= Security & Defence Agenda =

Belgian think tank

The Security & Defence Agenda (SDA) was a security and defence think-tank based in Brussels. Its activities included debates, international conferences and a range of publications. In October 2014, most of the activities of the SDA were incorporated into the Friends of Europe think-tank.

The Security & Defence Agenda (SDA) provided a neutral meeting point for defence and security specialists from NATO and the EU. The SDA developed into an important forum for the discussion of defence and security policies. With the rapidly evolving nature of the security environment, the SDA champion dynamic new ways of consulting global opinion on security issues, including the world's only mass-participation online security policy event, the Security Jam, and its Cyber-Security Initiative.

The Security Jam continues to be run by Friends of Europe. This massive online brainstorm brings together several thousand participants from around the globe, and from the security sector at large – civilians and military from national governments, international organisations, NGOs, think-tanks, academia, business and the media. The Jam aims to develop innovative and concrete solutions to global security challenges.

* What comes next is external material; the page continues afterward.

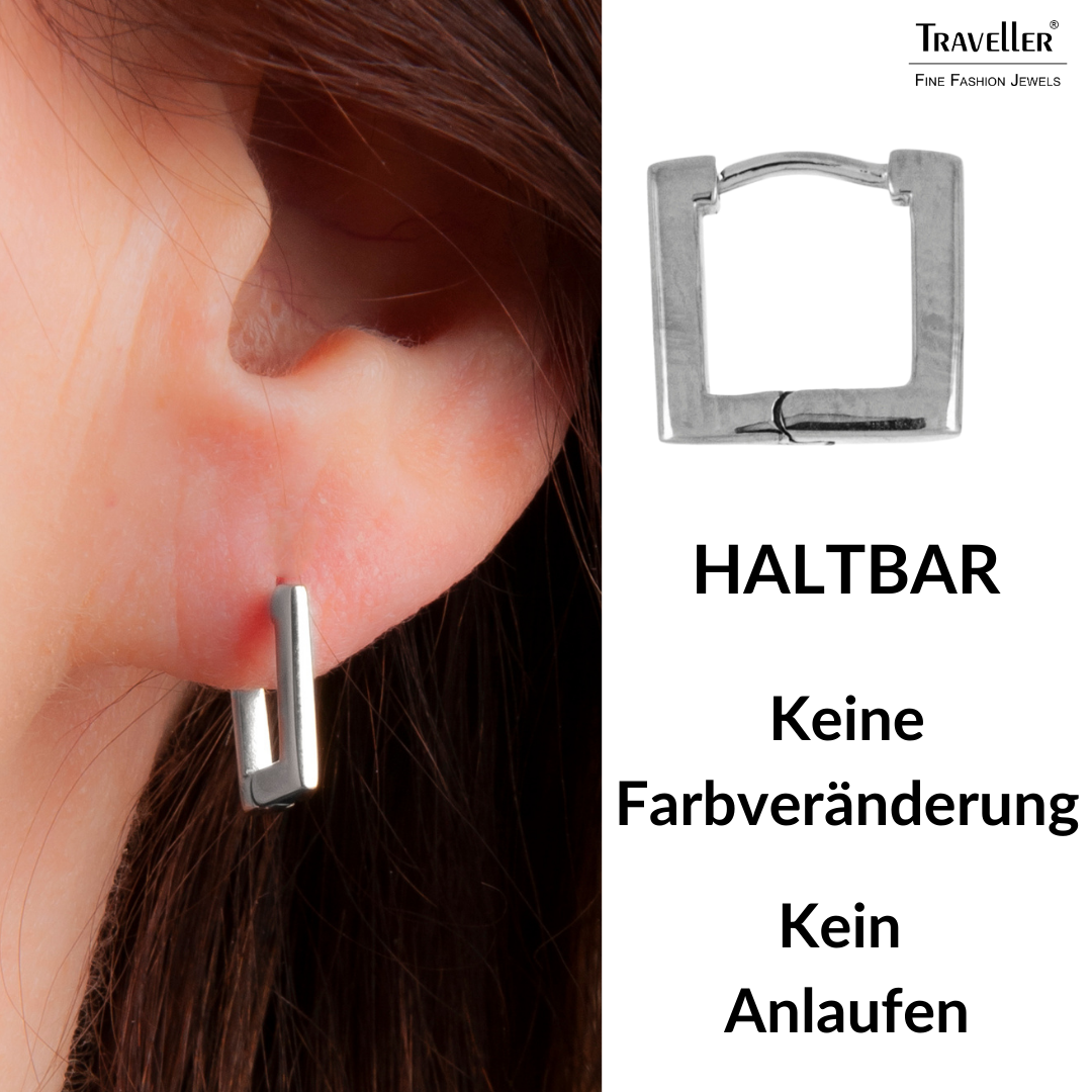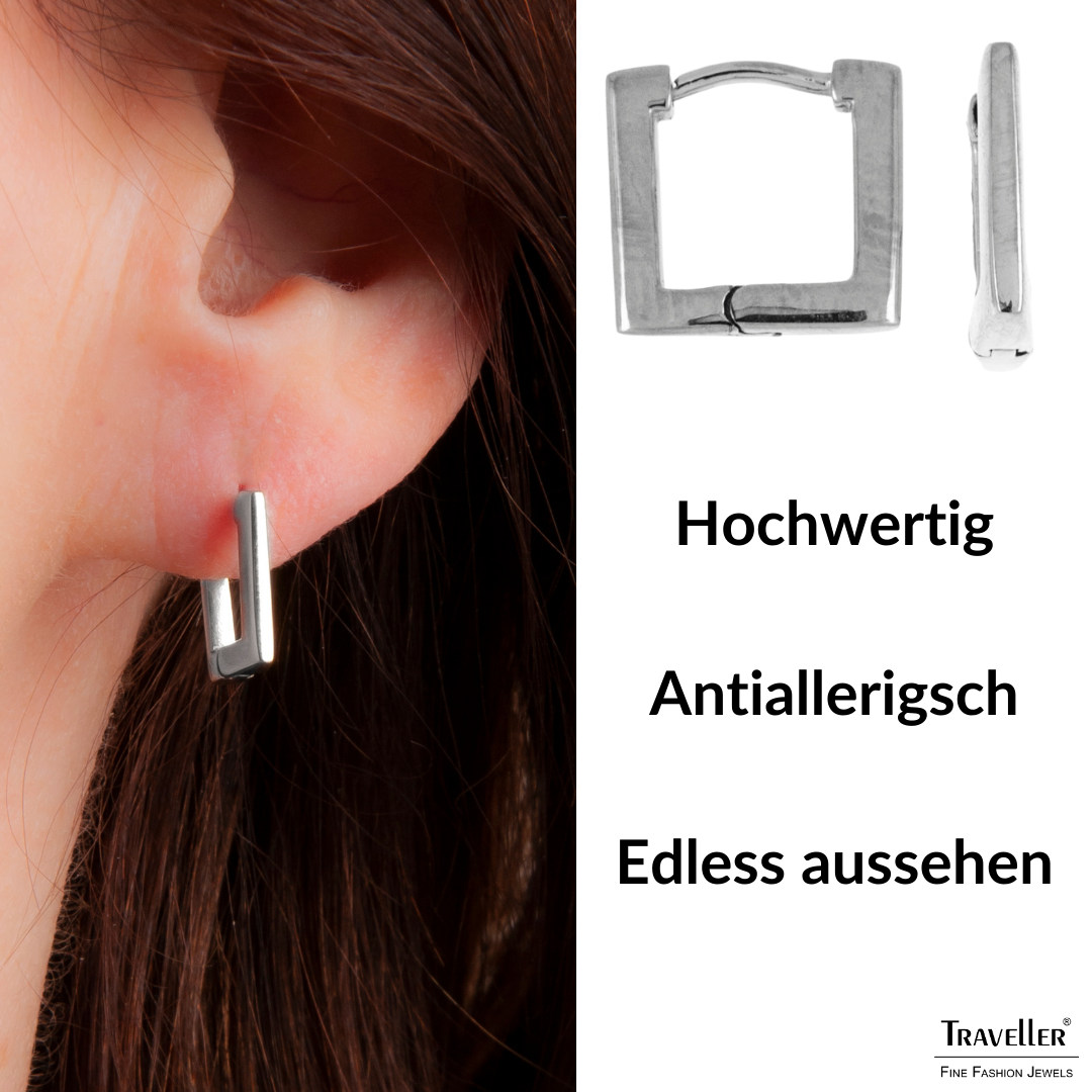 Traveller Creolen - Edelstahl - Silberfarbe - Rechteck - 12 mm - 181251

The SDA welcomed high-ranking personalities from the world of security and defence, including US Defense Secretary Robert Gates. Recep Tayyip Erdoğan, Anders Fogh Rasmussen, Cecilia Malmström, Neelie Kroes, Pauline Neville-Jones, Alexander Vershbow, General James L. Jones, Elmar Mammadyarov and many others.

==Advisory board==

The SDA received guidance from its Advisory Board, led by Jaap De Hoop Scheffer and Javier Solana.

Members included:

- Gen. Stéphane Abrial
- Claude-France Arnould
- Gen. Knud Bartels
- Gilles de Kerchove
- Giampaolo Di Paola
- Ambassador Hüseyin Diriöz
- Bates Gill
- Frederick Kempe
- Brig. Gen. Ilkka Laitinen
- Janusz Onyszkiewicz
- Ioan Mircea Pascu
- Mikhail Remizov
- Walter Stevens
- Leendert van Bochoven
- Geoffrey Van Orden
- Lt. Gen. Ton van Osch
- Alexander Vershbow
- Pierre Vimont
- Veronika Wand-Danielsson

The Director of the SDA was Giles Merritt, who is also Secretary-General of the think-tank Friends of Europe and Editor of the policy journal Europe's World.